Hailey City Council OKs tentative budget

Express Staff Writer

Hailey City Council members on Monday unanimously approved a more than $8 million tentative city budget for the fiscal year 2002-2003 that includes sizable increases in spending for the police, public works and fire departments.

In approving the tentative budget, the council will no longer be able to increase the total amount of expenditures for the next fiscal year—which starts in October—but will be able to adjust line-item expenditures within the budget.

Council members will be asked to approve a final version of the budget next month. The city will hold a public hearing and discussion on the matter Monday, Aug. 12, and the council will likely approve the document on Aug. 12 or Aug. 24.

Heather Dawson, city clerk and treasurer, told the council prior to their vote Monday that the budget was designed to spend virtually all of the city’s anticipated revenues without incurring a deficit. "We’re basically using all of the funds available to us," she said.
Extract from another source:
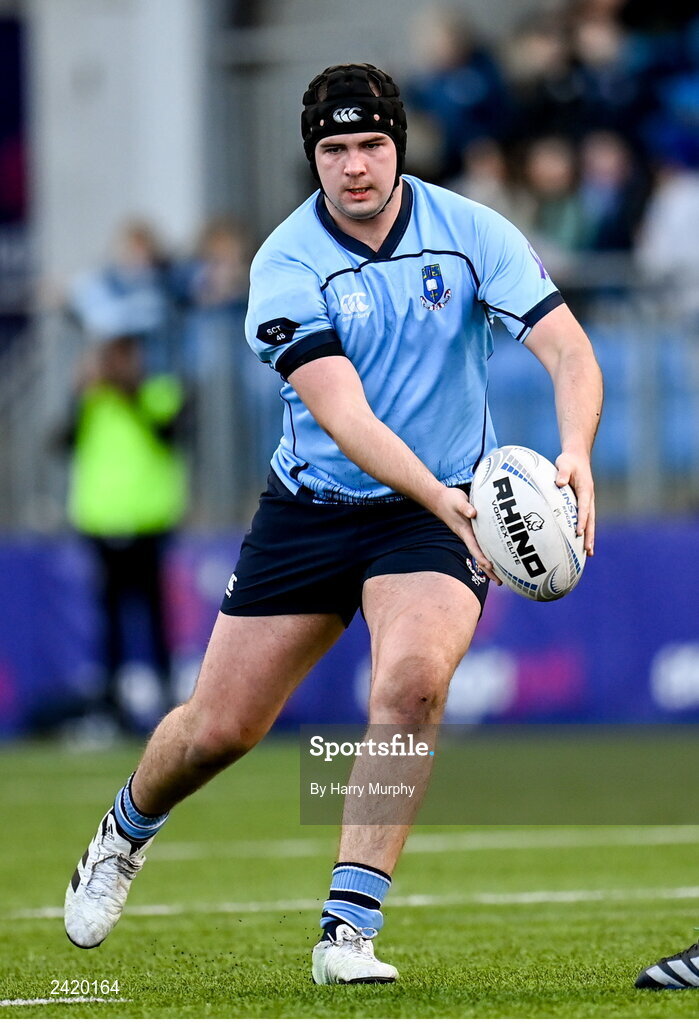 29 January 2023; Riain Coogan of St Michael's College during the Bank of Ireland Leinster Rugby Schools Senior Cup First Round match between St Michael’s College and Belvedere College at Energia Park in Dublin. Photo by Harry Murphy/Sportsfile
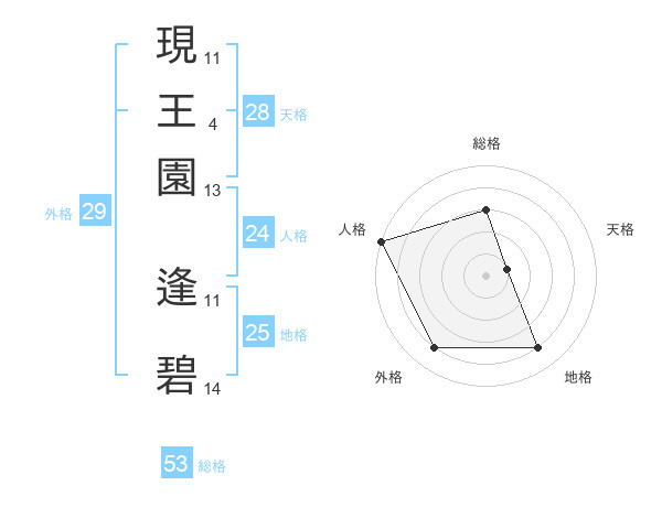 現王園 逢碧さんの外格は29画の4点!

While the total city budget exceeds $8 million—up 10 percent from last year—roughly half of that sum is accounted for by water- and sewer-service revenues that are directly offset by service-related expenditures.

The estimated revenues for the city’s 2002-2003 General Fund are estimated at roughly $4 million, all of which is accounted for by expenditures for city services and payrolls.

The tentative budget includes increases in spending for city police ($896,005 total, up 31.9 percent from last year), fire ($341,092, up 32.5 percent), public works ($257,791, up 107.8 percent), streets ($835,407, up 19.4 percent), and parks ($109,185, up 132.4 percent).

Many city employees in the budget are slated for salary increases from last year, generally ranging from 4 to 9 percent.

Total General Fund revenues and expenditures are up 6 percent from last year, totaling $4, 019, 580.

The city’s budget revenues from water and sewer services were based on recommendations from City Engineer Tom Hellen to leave monthly user fees for water ($15.13 per month) and sewer ($22.95 per month) unchanged.

However, the city plans to increase the hookup fee for water service by $70 to $2,451, while leaving the hookup fee for sewer service unchanged at $2,408.

Council members on Monday debated whether the city should specifically designate in the budget where expenditures for services from charitable organizations should go.

Councilman Richard Davis asked the panel whether the budget should target specific funds for some charities or nonprofits and how those organizations should be selected.

Councilwoman Susan McBryant said she wondered if certain charities—despite their admirable goals—should get city money for a "services contract," when they do not directly provide services to the city. She noted that she believes the primary role of the city is to tax the citizens and provide "critical services."

In the end, council members decided to allocate time in the future to discuss the matter.